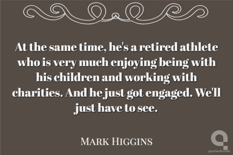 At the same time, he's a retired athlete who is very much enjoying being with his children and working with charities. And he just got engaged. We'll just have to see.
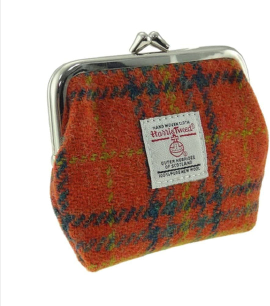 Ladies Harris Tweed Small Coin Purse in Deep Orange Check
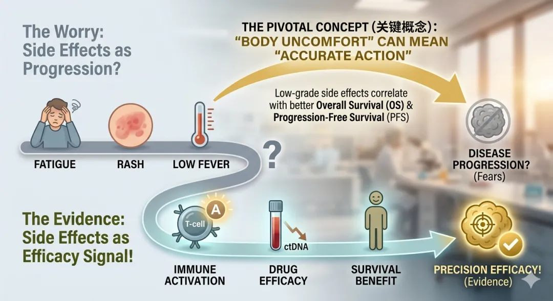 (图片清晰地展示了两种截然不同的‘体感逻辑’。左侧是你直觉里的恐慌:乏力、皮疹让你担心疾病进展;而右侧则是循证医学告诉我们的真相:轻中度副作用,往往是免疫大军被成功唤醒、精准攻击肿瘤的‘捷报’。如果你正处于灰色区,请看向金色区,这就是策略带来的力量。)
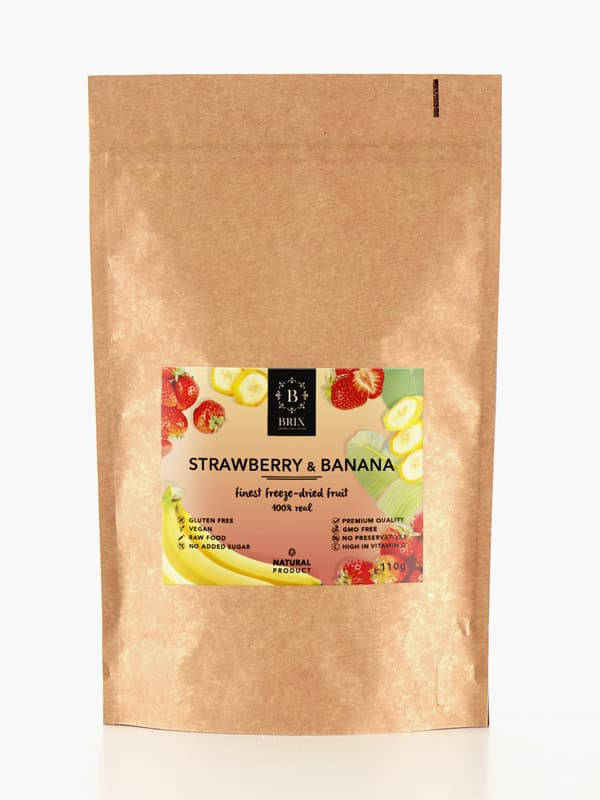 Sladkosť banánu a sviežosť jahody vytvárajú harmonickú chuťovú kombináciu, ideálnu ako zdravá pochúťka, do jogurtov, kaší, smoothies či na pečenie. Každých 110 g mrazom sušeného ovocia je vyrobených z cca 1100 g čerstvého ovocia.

Problem to solve
Excluding images, output exactly the lines from the one that holds "(图片清晰地展示了两种截然不" through the final line of the material, both ends included.

Exercise solution
 (图片清晰地展示了两种截然不同的‘体感逻辑’。左侧是你直觉里的恐慌:乏力、皮疹让你担心疾病进展;而右侧则是循证医学告诉我们的真相:轻中度副作用,往往是免疫大军被成功唤醒、精准攻击肿瘤的‘捷报’。如果你正处于灰色区,请看向金色区,这就是策略带来的力量。)
 Sladkosť banánu a sviežosť jahody vytvárajú harmonickú chuťovú kombináciu, ideálnu ako zdravá pochúťka, do jogurtov, kaší, smoothies či na pečenie. Každých 110 g mrazom sušeného ovocia je vyrobených z cca 1100 g čerstvého ovocia.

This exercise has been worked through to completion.